Problem details: Reproduce exactly the lines of this material that begin at the line with "MasterClass Halo Kitchen" and end at the line with "LED‑Scheinwerfer vorne und", both included. Omit the pictures and everything else.

Material for this task:
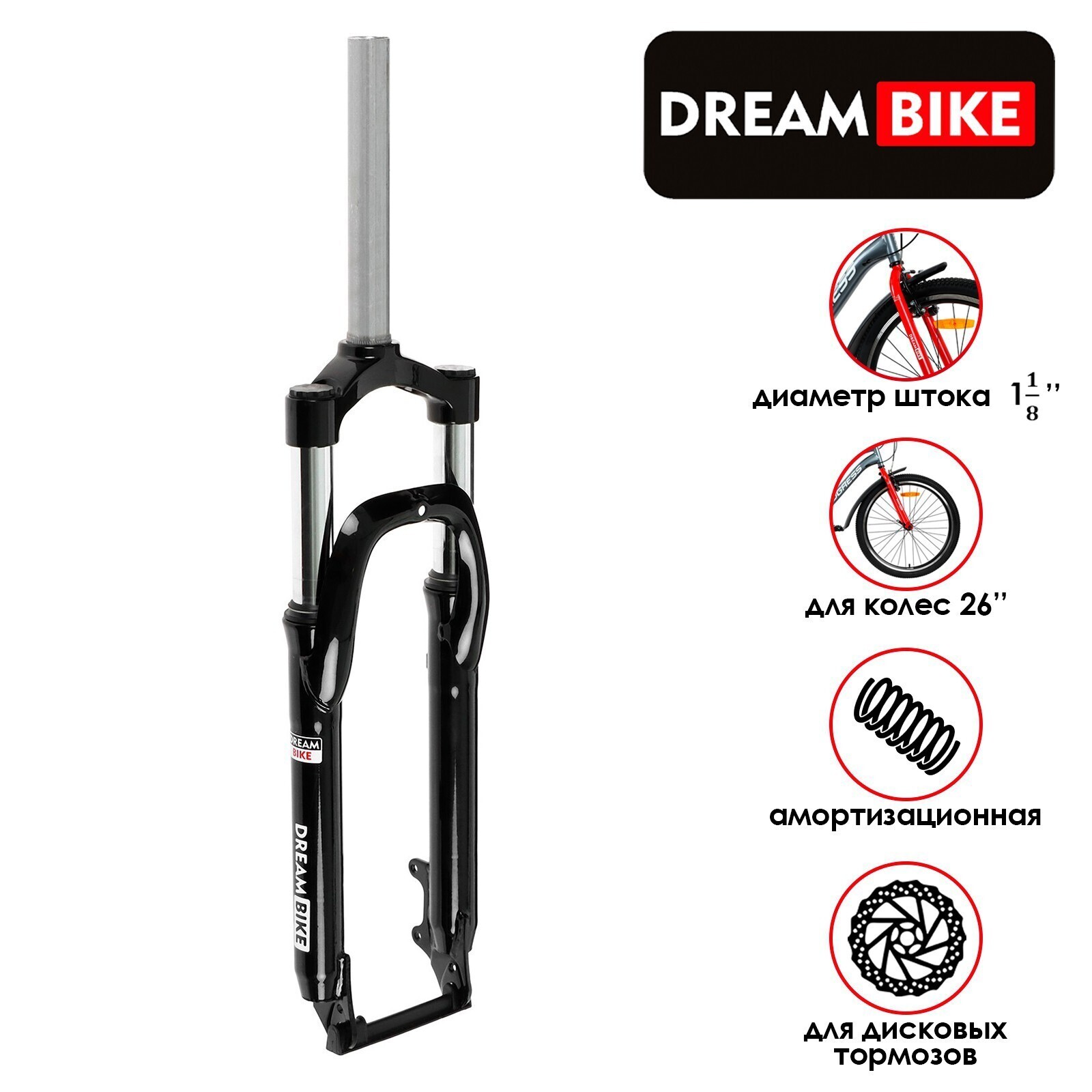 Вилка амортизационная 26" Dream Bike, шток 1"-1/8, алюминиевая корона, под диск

---

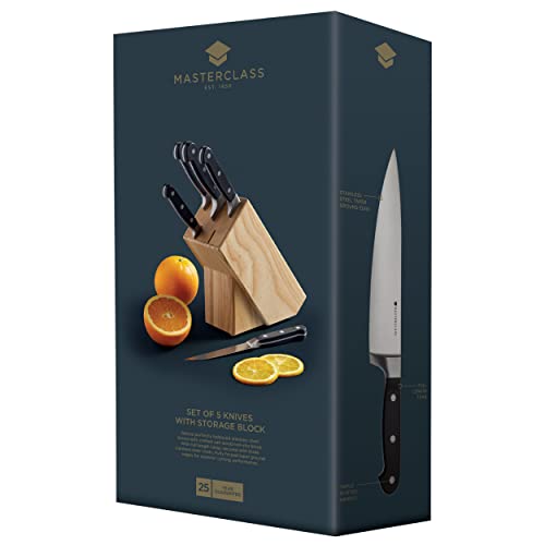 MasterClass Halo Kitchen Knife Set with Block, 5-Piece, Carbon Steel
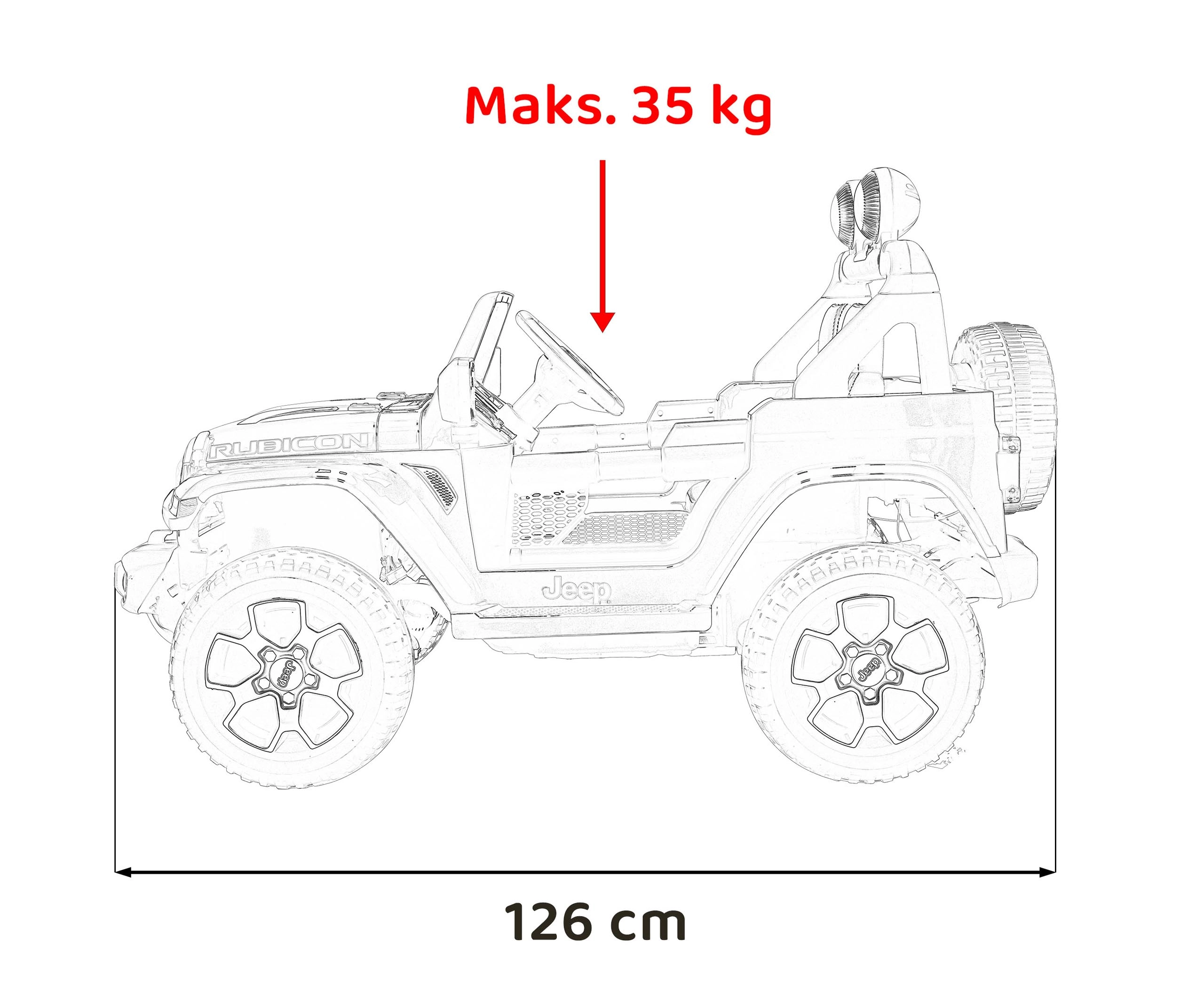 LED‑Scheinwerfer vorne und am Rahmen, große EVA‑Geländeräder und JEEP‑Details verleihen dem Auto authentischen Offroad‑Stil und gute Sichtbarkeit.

Completed exercise:
 MasterClass Halo Kitchen Knife Set with Block, 5-Piece, Carbon Steel
 LED‑Scheinwerfer vorne und am Rahmen, große EVA‑Geländeräder und JEEP‑Details verleihen dem Auto authentischen Offroad‑Stil und gute Sichtbarkeit.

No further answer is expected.